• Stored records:

Segment Open

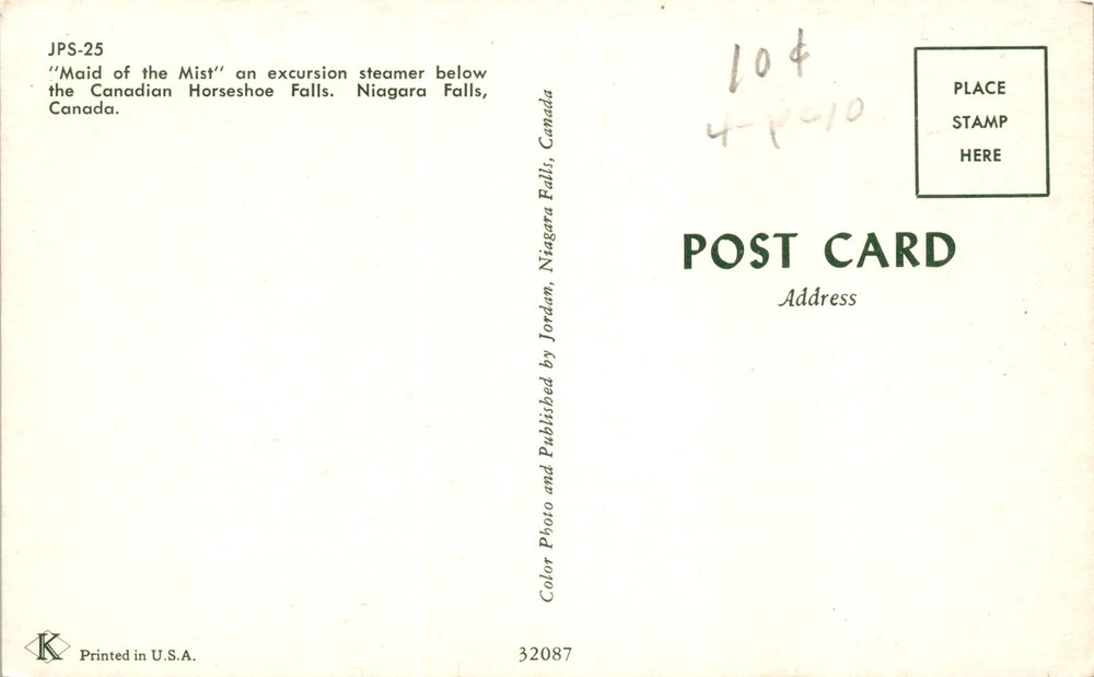 The postcard features a color photo of the Maid of the Mist, an excursion steamer below the Horseshoe Falls at Niagara Falls, Canada. The postcard was printed in the U.S.A. and published by Jordan in Niagara Falls, Canada.
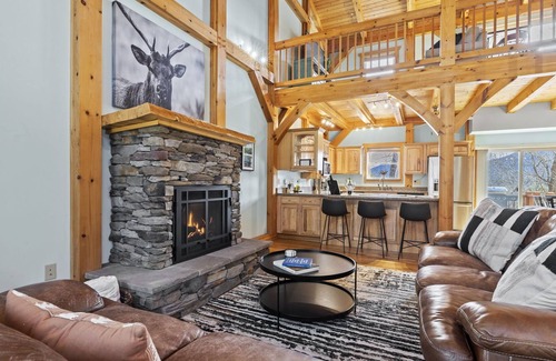 The main floor upper level including a luxurious master suite with a king-sized bed, en-suite bathroom. The second level has a balcony with panoramic mountain views, sitting area with a smart TV, full-sized pull-out bed. This level also boasts two other bedrooms, each with its own unique decor and charm. The one bedroom has a queen-sized bed with its own private balcony, and the third has two twin beds.
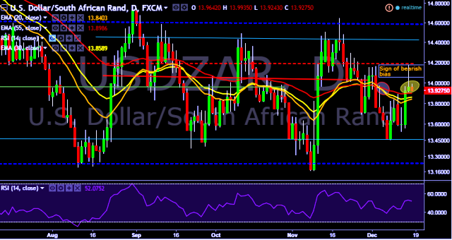 We prefer to take short position in USD/ZAR around 13.92, stop loss at 14.08 and target of 13.70.
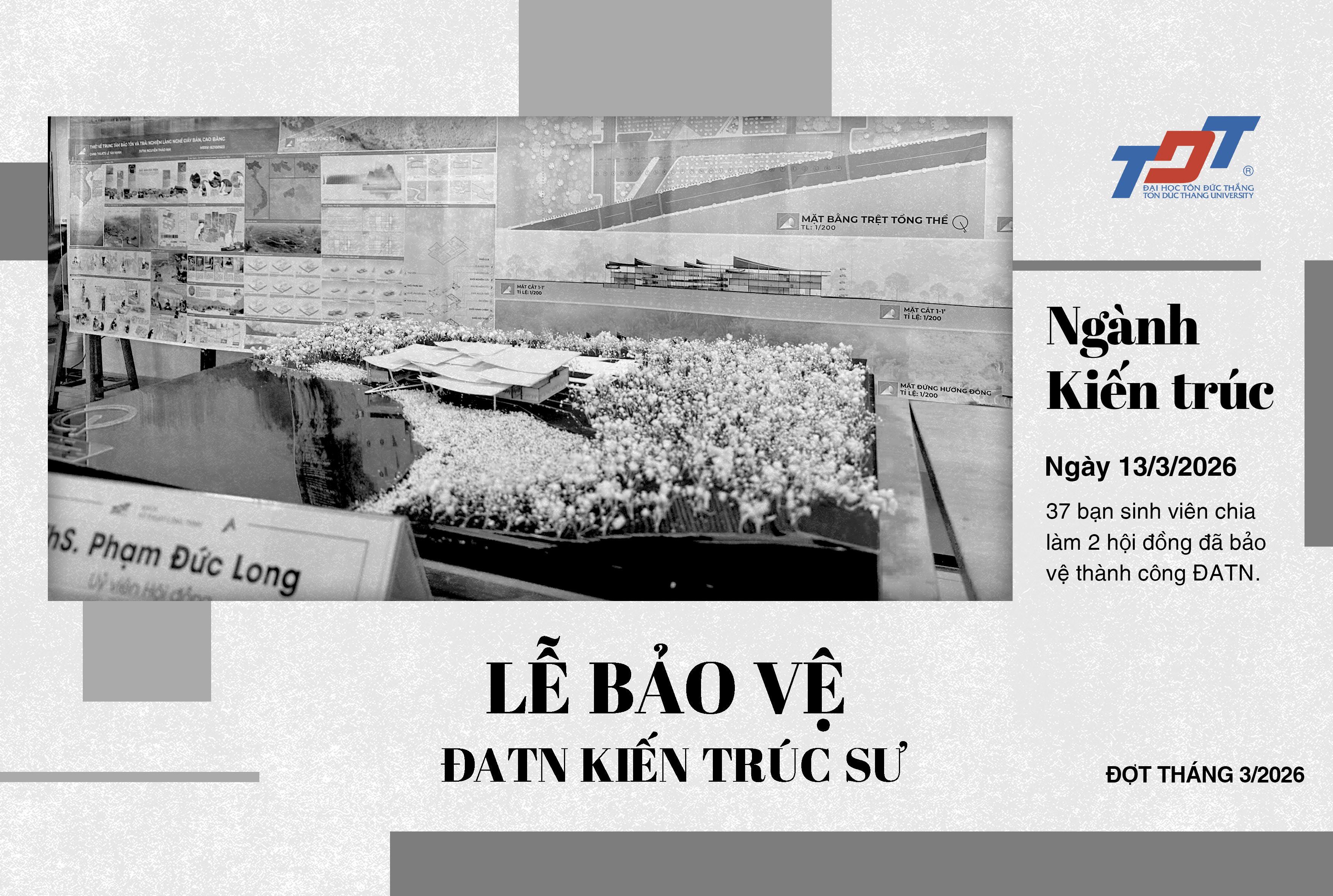 Sáng ngày 13/3/2026, Bộ môn Kiến trúc, Khoa Kỹ thuật Công trình, Trường ĐH Tôn Đức Thắng đã tổ chức Lễ bảo vệ Đồ án Tốt nghiệp ngành Kiến trúc đợt tháng 3 năm 2026 dành cho sinh viên năm cuối của chương trình đào tạo ngành Kiến trúc. Buổi bảo vệ được tổ chức tại phòng D605 và D606, đánh dấu một cột mốc quan trọng trong hành trình học tập và trưởng thành nghề nghiệp của các sinh viên trước khi bước vào môi trường hành nghề kiến trúc.
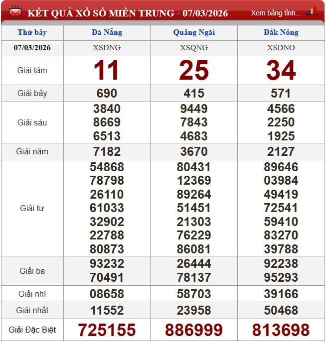 Kết quả xổ số miền Trung ngày 7/3/2026

Segment Closed

• The problem: Please write out, word for word, each line from the one with "The main floor" to the last line of the data, keeping both ends and omitting pictures.

• Answer area:
 The main floor upper level including a luxurious master suite with a king-sized bed, en-suite bathroom. The second level has a balcony with panoramic mountain views, sitting area with a smart TV, full-sized pull-out bed. This level also boasts two other bedrooms, each with its own unique decor and charm. The one bedroom has a queen-sized bed with its own private balcony, and the third has two twin beds.
 We prefer to take short position in USD/ZAR around 13.92, stop loss at 14.08 and target of 13.70.
 Sáng ngày 13/3/2026, Bộ môn Kiến trúc, Khoa Kỹ thuật Công trình, Trường ĐH Tôn Đức Thắng đã tổ chức Lễ bảo vệ Đồ án Tốt nghiệp ngành Kiến trúc đợt tháng 3 năm 2026 dành cho sinh viên năm cuối của chương trình đào tạo ngành Kiến trúc. Buổi bảo vệ được tổ chức tại phòng D605 và D606, đánh dấu một cột mốc quan trọng trong hành trình học tập và trưởng thành nghề nghiệp của các sinh viên trước khi bước vào môi trường hành nghề kiến trúc.
 Kết quả xổ số miền Trung ngày 7/3/2026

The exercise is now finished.